= Beginning of Section =

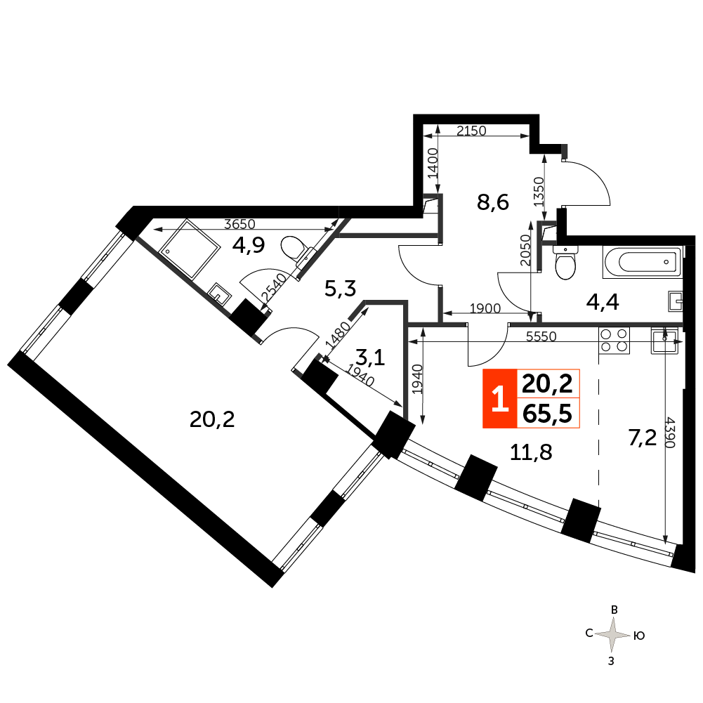 Площадь 65.50 м²
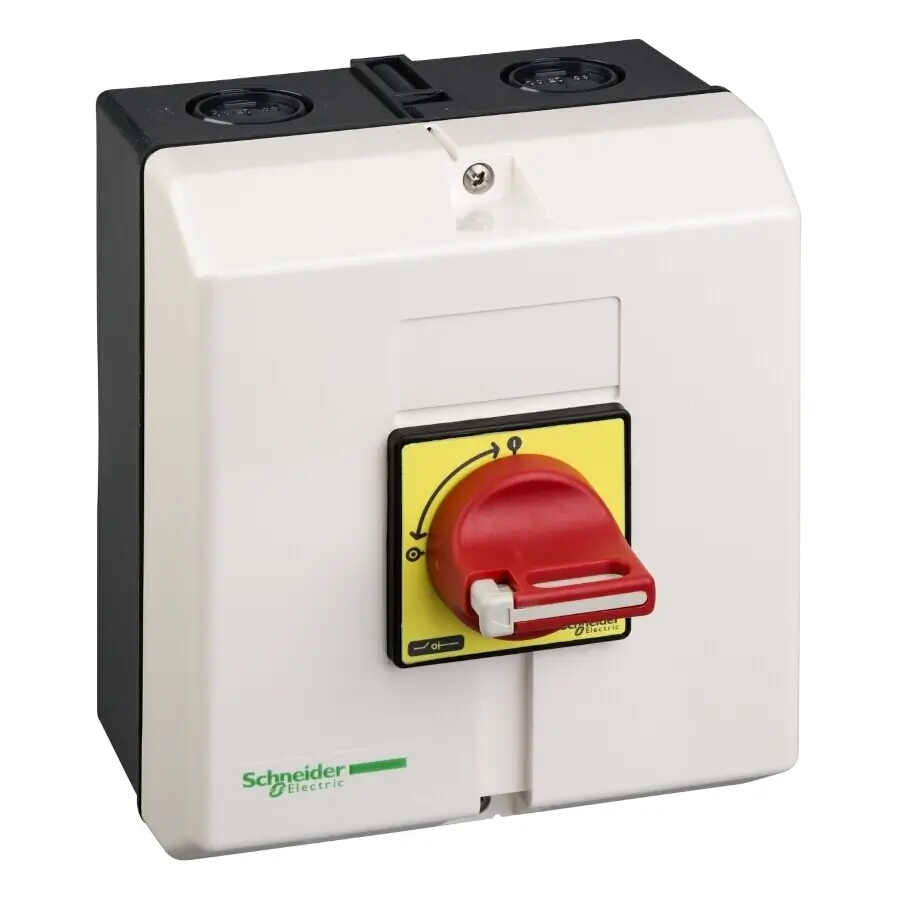TeSys VARIO - Kurzbezeichnung des Geräts: Lasttrennschalter im Gehäuse, Produkt oder Komponententyp: Lasttrennschalter im Gehäuse, Schalterfunktion: Not-Aus - Netzwerktyp: AC - (Ithe) thermischer Strom: 10 A, alle Maschinenanforderungen: DOL Start oder Stop von Motoren, Lastschaltung des Maschinen-Steuerstromkreises.Not-Aus/Hauptschalter, 3P, 690V, 50A, Im Gehäuse. Frontschild 60 x 60 mm. Komplettgerät, 3-polig, IP 65, mit Drehantrieb. Roter Griff, abschließbar mit 3 Vorhängeschlössern DM 4 mm bis DM 8 mm (Lieferung Ohne Vorhängeschlösser). Schalterstellung O I, Frontschild gelb.
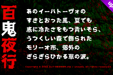 2022年5月17日2026年1月18日 atsumuフォント一覧・和文フォント ホラーフォント「百鬼夜行」日本語書体無料DL個人商用可 ホラー系の日本語フォントを作りました。 このフォントには、ひら/カナ、記事の続きを読む
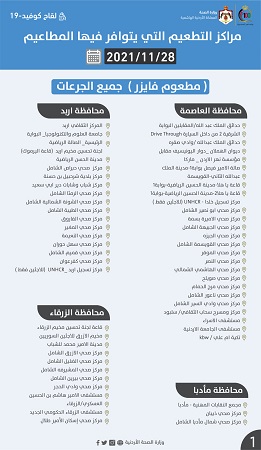 السوسنة : أفصحت وزارة الصحة عن مراكز التطعيم ليوم الاحد 2021/11/28 التي يتوافر فيها المطاعيم جميع الجرعات .
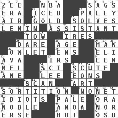 ACROSS 1. Last letter of the English alphabet 4. Basketball assoc. 7. Sinks 11. Epoch 12. On the rocks 13. Chummy 14. Wind 15. Gilt 16. Finds the solution 17. Soviet premier 1918-24 19. Helper 21. Pull behind 23. Angers 24. Have the gumption 25. Grow older 26. Informal term for the mouth 29. A small or young owl 30. Followers of ems 31. Biblical high priest 32. Actress Gardner 33. Big collection agency 34. Car or cant ending 35. Cartoonist voice _ Blanc 36. _-fi 37. Scutum 40. One (Scot) 41. Area sheltered from the wind 42. Immeasurably long periods of time 43. Examine hastily 45. Nonscientific branch of learning 46. Decision 51. Music written for nine 55. Foolish or stupid persons 56. Light colored 58. Mouth or opening 59. Impressive in appearance 60. Small Philippine buffalo 61. And not 62. Celtic language 63. Being at a high temperature 64. Bear (Spanish) DOWN 1. Ardor 2. 4th largest of the Great Lakes 3. Merit 4. Non-commissioned officer (abbr.) 5. Actor Lugosi 6. Does sums 7. Table seasonings 8. Inventor's middle name 9. Small, secluded valley 10. System (abbr.) 12. Refuse to acknowledge 13. Introduce or present, as a question 16. Founders of families 18. Slanted text style (abbr.) 20. Omens 22. Soggy 24. A sleeping potion; an opiate (poet.) 25. Nest on high 26. Confronts 27. Toward shelter 28. Acquire through effort 29. Baking chamber 32. Nanny (var.) 33. Ancient Celtic tribe of eastern Britain 36. Narrow boards 37. Ocean 38. Pupil covering 39. To (old English) 43. Took without asking 44. Quote 46. Trig term 47. Aroma 48. Chest bones 49. Brightly colored fish 50. Billionth: prefix 52. Words to Nanette 53. Greek god of love 54. Edible starchy tuberous root 57. Car dealer's back yard
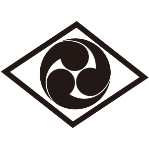 菱に三つ巴紋は、『左三つ巴』を描いて、その周りを菱で囲う。
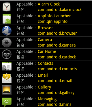 本节内容是如何获取Android系统中应用程序的信息,主要包括packagename、label、icon、占用大小等。具体分为两个

= End of Section =

== What the exercise asks ==
The records above must be retyped exactly. Please omit the pictures.

== Answer space ==
 Площадь 65.50 м²
TeSys VARIO - Kurzbezeichnung des Geräts: Lasttrennschalter im Gehäuse, Produkt oder Komponententyp: Lasttrennschalter im Gehäuse, Schalterfunktion: Not-Aus - Netzwerktyp: AC - (Ithe) thermischer Strom: 10 A, alle Maschinenanforderungen: DOL Start oder Stop von Motoren, Lastschaltung des Maschinen-Steuerstromkreises.Not-Aus/Hauptschalter, 3P, 690V, 50A, Im Gehäuse. Frontschild 60 x 60 mm. Komplettgerät, 3-polig, IP 65, mit Drehantrieb. Roter Griff, abschließbar mit 3 Vorhängeschlössern DM 4 mm bis DM 8 mm (Lieferung Ohne Vorhängeschlösser). Schalterstellung O I, Frontschild gelb.
 2022年5月17日2026年1月18日 atsumuフォント一覧・和文フォント ホラーフォント「百鬼夜行」日本語書体無料DL個人商用可 ホラー系の日本語フォントを作りました。 このフォントには、ひら/カナ、記事の続きを読む
 السوسنة : أفصحت وزارة الصحة عن مراكز التطعيم ليوم الاحد 2021/11/28 التي يتوافر فيها المطاعيم جميع الجرعات .
 ACROSS 1. Last letter of the English alphabet 4. Basketball assoc. 7. Sinks 11. Epoch 12. On the rocks 13. Chummy 14. Wind 15. Gilt 16. Finds the solution 17. Soviet premier 1918-24 19. Helper 21. Pull behind 23. Angers 24. Have the gumption 25. Grow older 26. Informal term for the mouth 29. A small or young owl 30. Followers of ems 31. Biblical high priest 32. Actress Gardner 33. Big collection agency 34. Car or cant ending 35. Cartoonist voice _ Blanc 36. _-fi 37. Scutum 40. One (Scot) 41. Area sheltered from the wind 42. Immeasurably long periods of time 43. Examine hastily 45. Nonscientific branch of learning 46. Decision 51. Music written for nine 55. Foolish or stupid persons 56. Light colored 58. Mouth or opening 59. Impressive in appearance 60. Small Philippine buffalo 61. And not 62. Celtic language 63. Being at a high temperature 64. Bear (Spanish) DOWN 1. Ardor 2. 4th largest of the Great Lakes 3. Merit 4. Non-commissioned officer (abbr.) 5. Actor Lugosi 6. Does sums 7. Table seasonings 8. Inventor's middle name 9. Small, secluded valley 10. System (abbr.) 12. Refuse to acknowledge 13. Introduce or present, as a question 16. Founders of families 18. Slanted text style (abbr.) 20. Omens 22. Soggy 24. A sleeping potion; an opiate (poet.) 25. Nest on high 26. Confronts 27. Toward shelter 28. Acquire through effort 29. Baking chamber 32. Nanny (var.) 33. Ancient Celtic tribe of eastern Britain 36. Narrow boards 37. Ocean 38. Pupil covering 39. To (old English) 43. Took without asking 44. Quote 46. Trig term 47. Aroma 48. Chest bones 49. Brightly colored fish 50. Billionth: prefix 52. Words to Nanette 53. Greek god of love 54. Edible starchy tuberous root 57. Car dealer's back yard
 菱に三つ巴紋は、『左三つ巴』を描いて、その周りを菱で囲う。
 本节内容是如何获取Android系统中应用程序的信息,主要包括packagename、label、icon、占用大小等。具体分为两个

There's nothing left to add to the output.